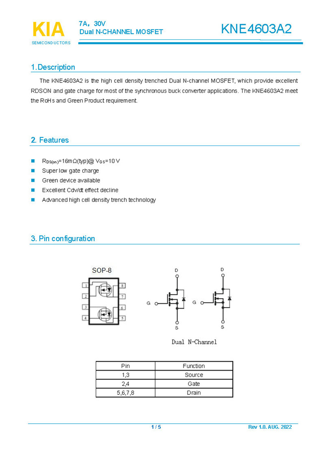參數: ID(A): 7    BVDSS(V): 30    RDS(ON): 16mΩ    Qg(nC): 4.9    Package: SOP-8
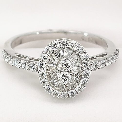 14k White Gold Emerald Cut Diamond Solitare Engagement Ring
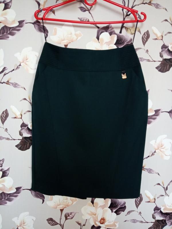 Спідниця смарагдового кольору Довжина 54 ПОТ 35 ПОС 46 Тканина трохи тягнеться Ззаду розріз 20 см Є кармани
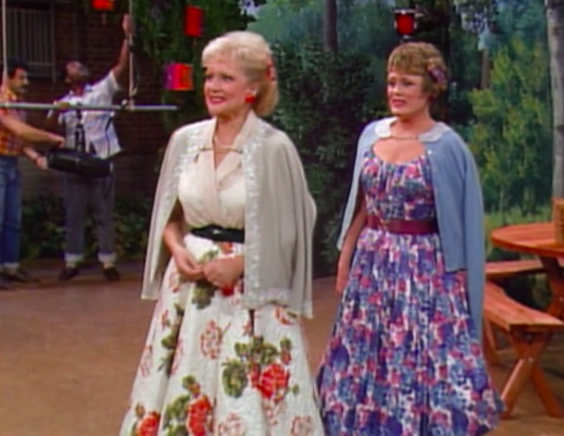 Ricky play the romantic lead and Lucy plays the “queen of the gypsies” whose solo song is drowned out by a chorus of much better singers — much to Lucy’s chagrin. Unfortunately, we don’t get to see the full production because Lucy paid for all the costumes and set pieces with a post-dated cheque. Annnd everything gets repossessed mid-production. That said, the set pieces are truly beautiful and we do get to hear some of the wonderful music as composed by series composer Eliot Daniel. I would almost have awarded I Love Lucy the point for costumes…but…The Golden Girls knocked it out of the park on this one.

_Problem to solve_.
Look above for the line with "14k White Gold"; quote it and every line after it, stopping after the line with "Спідниця смарагдового кольору", exactly, with nothing added and without pictures.

_Answer for the task_.
 14k White Gold Emerald Cut Diamond Solitare Engagement Ring
 Спідниця смарагдового кольору Довжина 54 ПОТ 35 ПОС 46 Тканина трохи тягнеться Ззаду розріз 20 см Є кармани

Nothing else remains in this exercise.